Smokey O's marinates its porkers in special seasonings, then roasts them for 27 hours over applewood smoke. The poor pig is then defiled with an apple in its mouth and a lei around its neck, but it sure tastes good. It's not even all that expensive -- $7.95 a pound for a big cooked pig, $3.50 raw. Poor pig, lucky us.
The thing is, the food warrants the pretension, because it's all outstanding. Jackets are required for men, almost unheard of in this casual town, but the requirement is fitting for such European elegance in decor, table settings, ambiance and service. Who wouldn't dress in the company of a $3 million wine collection offering more than 44,000 bottles and 1,800 labels?
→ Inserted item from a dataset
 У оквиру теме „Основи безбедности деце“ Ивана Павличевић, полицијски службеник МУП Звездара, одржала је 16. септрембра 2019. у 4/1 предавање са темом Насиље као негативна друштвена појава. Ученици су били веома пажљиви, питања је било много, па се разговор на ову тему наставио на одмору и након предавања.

It's pretty much a truck stop, parked among industrial yards, massive warehouses and salvage dumps. But it's pretty, like a country farmhouse inside, and flowing with serve-yourself coffee, fountain drinks and good cheer. The food is the real deal, too, homemade and hearty (the charbroiled chili-size burger is tops, flooded with spicy chili, Cheddar cheese and onions; the meat loaf is like Mom's, served with mashed potatoes, gravy, corn and a dinner roll). Any of the breakfasts start the day with a smile, like the $4.25 specials (ham and green chile scramble, hash browns and toast on Tuesdays). Thanks to our handyman, we've got a fix on the best working fella's lunch in town.
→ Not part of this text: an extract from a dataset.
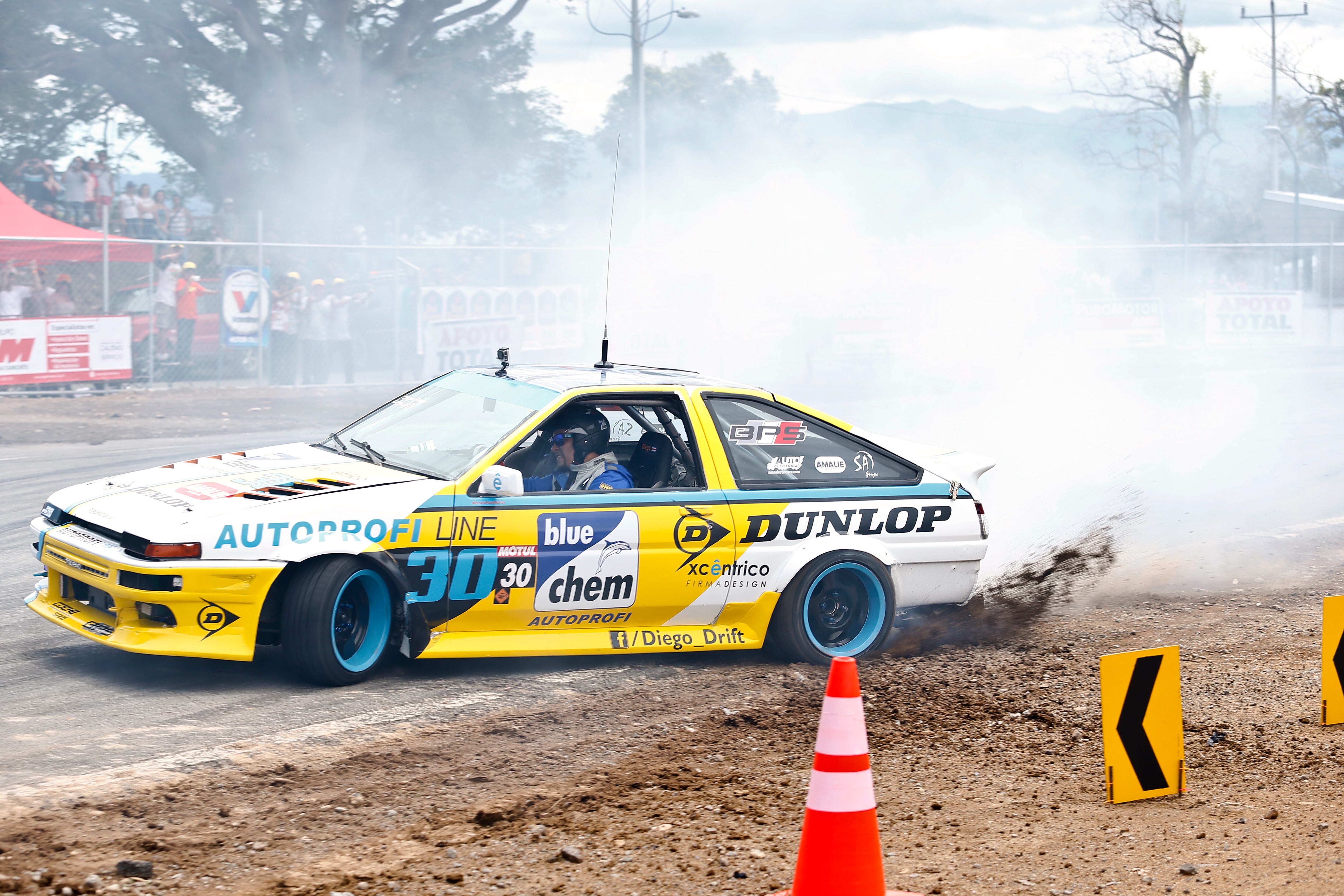 Acuña sacó lo mejor de su Toyota Corolla y pese a la lluvia que cayó en la parte final de la competencia, se robó los aplausos de los presentes, en una competencia reñida y espectacular por el derrape de los vehículos en cada curva.

The place is tiny (order through a cutout in the wall), yet the menu is massive, almost galactic. More than 50 toppings. More than three dozen pizza combinations. More than two dozen subs, plus calzones, salads and appetizers. All with an otherworldly theme. Check out the names of the dishes: pulsar, axiom, quark, Apollo 13, full moon, alien, Sputnik. It's almost as much fun ordering as it is eating. No surprise, Cosmic caters to the ASU crowd, staying open until midnight on weekends with $1 delivery.
The moon isn't made out of green cheese. Here, it's a pie topped with breadcrumbs, prosciutto, garlic, Romano and basil.
Places like Jack in the Box or Denny's are quick fixes, but we can never respect ourselves in the morning. We rub our blurry eyes the next day, see that crumpled sourdough Jack wrapper by the side of the bed, and dread sets in -- what have we done?
So now, we head over to Mickey's Hangover, a fun dive bar that serves its full menu until 2 a.m. on weeknights, 3 a.m. on weekends. It's trailer-trash food, but well-prepared trash, like Santa Fe rolls of four fat taquitos stuffed with chicken and chiles in a thin, potent jalapeño sauce. Or "Jesus on the Mountain," mounding hefty shavings of ham with crisp bacon, melted Cheddar, two fried eggs and potato chunks on a bun. Or Mickey's Monster, an enormous pizza piled with every topping offered in this universe. And miniature hot dogs are cute, tucked in little-bitty buns, topped with Cheddar and chile, with a tiny bottle of Tabasco served alongside.
Hey, it's not high cuisine. But at least we won't be ashamed when we awake.
Which is why we have Western Pizza on our speed dial. The kind folks here keep the kitchen open until 1 a.m. on weeknights, and until 3 a.m. on weekends. They even deliver (from 32nd to 68th streets and Thomas to Camelback roads)!
Western Pizza serves up victuals so good, we could eat them 'round the clock. One pie, actually, keeps us full for at least two days. The 18-inch large is almost three inches thick and weighs almost 20 pounds, loaded to the gills with toppings like the Western Round-Up -- mushrooms, pepperoni, salami, ham, peppers and onions under buckets of mozzarella. And there's plenty of other delish dishes from which to choose: souvlaki on a stick (savory pork in Greek herbs), fries and gravy, a half-dozen types of wings, spicy barbecued ribs, a flurry of filling salads and funky desserts (bowl of cookie, puffed wheat cake and such). Now, is it time for breakfast yet?